Okay I will walk you through step by step on how to put a Canyon bike together in 10 minutes.

Step one is to unpackaged the bike-5 minutes
Step two is to put the handlebars on- 3 minutes 
Step three is to put the seat post on- 2 minutes

Any other questions?


----------



## ogre (Dec 16, 2005)

jaggrin said:


> Okay I will walk you through step by step on how to put a Canyon bike together in 10 minutes.
> 
> Step one is to unpackaged the bike-5 minutes
> Step two is to put the handlebars on- 3 minutes
> ...


You must be a total pro.

Unpackaging, there's a lot of crap/wrap to tear off. Install wheel after locating/adding skewer...
Good chance those handlebars don't have bar tape on them. Are the shift levers where they should be on the bars? Probably not. Are all of the cable lengths optimal, anything need to be shortened? if you didn't get a 62 cm frame, then cables/housing probably too long.

Have you figured out the stack that you want? Fiddle with the spaces above/below the stem. Need to cut the steerer tube?

Install pedals.

Start spinning thru the gears. yeah, I'm sure everything is dialed in right off the bat!
Shifts perfectly, FD aligned perfectly, brake pads line up to the rims correctly.

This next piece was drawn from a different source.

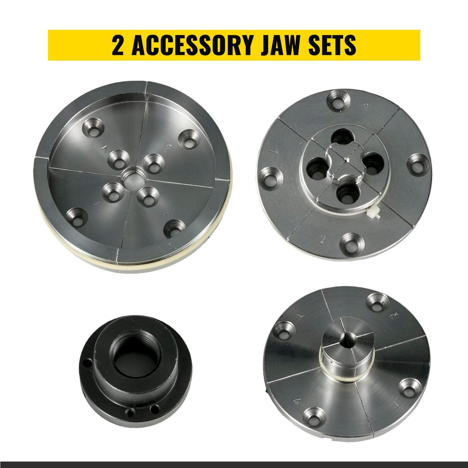– A SET OF COMPLETE ACCESSORIES – This complete lathe chuck set include two jaws set and a set of installation tools, two deformation sleeve,which bring much convenience for your operation.
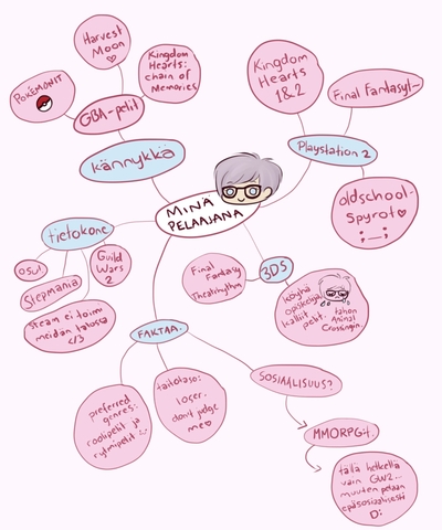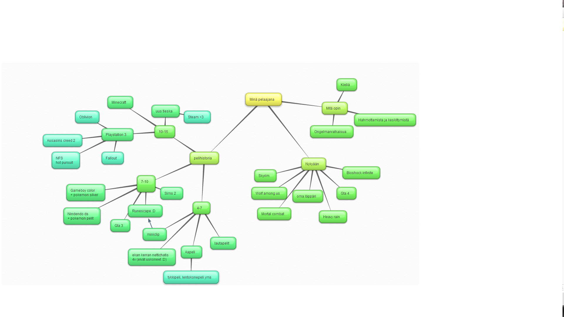 Pelikurssilaiset tekivät ensimmäisillä tunnilla esittelyt miellekarttoina, sähköisinä mindmapeina teemalla ´minä pelaajana´. Teknisiä ohjeita mindmapin sähköiseen tekemiseen ei annettu kuin oppilaan pyytäessä, jotta internitin lukuisat työvälineet saatiin monipuoliseen käyttöön – miellekartoista tulikin monenkirjavia. Osa halusi piirtää käsin, skannata ja jatkaa työstämistä tietokoneella. Ulkoasua tärkeämmäksi koettiin kuitenkin pelikulttuurista ja omasta pelaamista puhuminen, sekä tutustuminen toisiin kurssilaisiin uudesta näkökulmasta.

Oh yeah, gotta true those wheels.

I suppose you could slap it together in 10 minutes to see if the bike is close to fitting you but......

Hell, just taking off those annoying safety stickers, wheel reflectors and dork disk will take 10 minutes.

Doing a quality build on a new bike takes time and skill.

Now back to our regular scheduled programming.........


----------



## ataunque (Feb 7, 2014)

Vio1 said:


> Is there any good reason to choose a carbon frame over aluminum?


From bitter experience, go with aluminium. 
I "invested" £5k in a top end carbon bike, trek domane - never dropped the bike, it suffered a crack to a seat stay and Trek rejected the warranty claim saying it was accidental damage. "offered" me a repair program where i pay £1200 to repair it. 
I had read about this stuff before i purchased the bike but thought they were scare stories maybe where people had crashed or dropped things on the bikes or not looked after them. I should have taken heed. My bike was cherished, wiped down after every ride and never dropped. 
Titanium or steel every time.


----------



## jaggrin (Feb 18, 2011)

ogre said:


> You must be a total pro.
> 
> Unpackaging, there's a lot of crap/wrap to tear off. Install wheel after locating/adding skewer...
> Good chance those handlebars don't have bar tape on them. Are the shift levers where they should be on the bars? Probably not. Are all of the cable lengths optimal, anything need to be shortened? if you didn't get a 62 cm frame, then cables/housing probably too long.
> ...


maybe you need to introduce yourself to youtube or buy one yourself to see how easy it is to get rolling? I as a Canyon owner can 100% state with fact that the bike comes all dialed in, with bar tape and shifters all ready in place, the wheels trued and in my case with DI2 shifting charged.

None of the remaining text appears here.